Atomic structure, thermodynamic and mechanical behaviours of the penta-silicene (p-silicene) obtained by cooling from the melt are studied by the molecular dynamics (MD) simulations. We find that p-silicene can ‘naturally’ form from the liquid state using the appropriate interatomic potential, density and buckling. The charge-optimised many body (COMB) potential is employed. Depending on the cooling rate used in simulations, ‘crystalline’ or amorphous p-silicene can be obtained. ‘Crystallisation’ and glass transition temperatures (TX=1620K and Tg=1230K, respectively) have reasonable values compared to those of the hexa-silicene (h-silicene).
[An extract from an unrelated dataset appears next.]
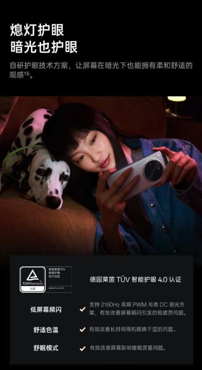 OPPO Find X8 Ultra支持2160Hz高频PWM调光,在屏幕亮度低于70nits时自动启用,有效减少频闪对眼睛的刺激;同时融合类DC调光方案,通过算法重构PWM波形,实现全亮度区间SVM值均<0.4,达到莱茵无频闪认证AA+等级,显著降低长时间使用导致的视疲劳。
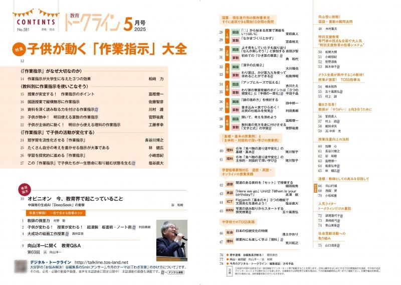 ¶µ»Õ¤Î¥Ù¡¼¥·¥Ã¥¯¥¹¥¥ë¤È¤·¤ÆÃ«ÊÔ½¸Ä¹¤¬ÂçÀڤˤ·¤Æ¤¤¤ë¡Öºî¶È»Ø¼¨¡×¤ò¡¢TOSS¼ÂÎÏÇɤÎÀèÀ¸Êý¤¬¶µ¤¨¤Æ¤¯¤ì¤ëÆÃ½¸¤Ç¤¹¡£¾Ü¤·¤¯¤Ï¡¢¥È¡¼¥¯¥é¥¤¥ó5·î¹æ¤ò¤ªÆÉ¤ß¤¯¤À¤µ¤¤¡ª

We find that the Poisson’s ratio of the obtained ‘crystalline’ p-silicene is positive unlike the negative one found for the p-graphene. The reasons for the formation of p-silicene instead of tetra-silicene (t-silicene) are analysed and discussed, i.e. 2D liquid silicene with COMB potential has a significant fraction of pentagons which grow with decreasing temperature, unlike 2D liquid silicene with the Stillinger–Weber potential.

Acknowledgements

This research is funded by the Vietnam National Foundation for Science and Technology Development (NAFOSTED) under grant 103.01-2017.01.

Disclosure statement

No potential conflict of interest was reported by the author(s).

Additional information

Funding

This research is funded by the Vietnam National Foundation for Science and Technology Development (NAFOSTED) [grant number 103.01-2017.01].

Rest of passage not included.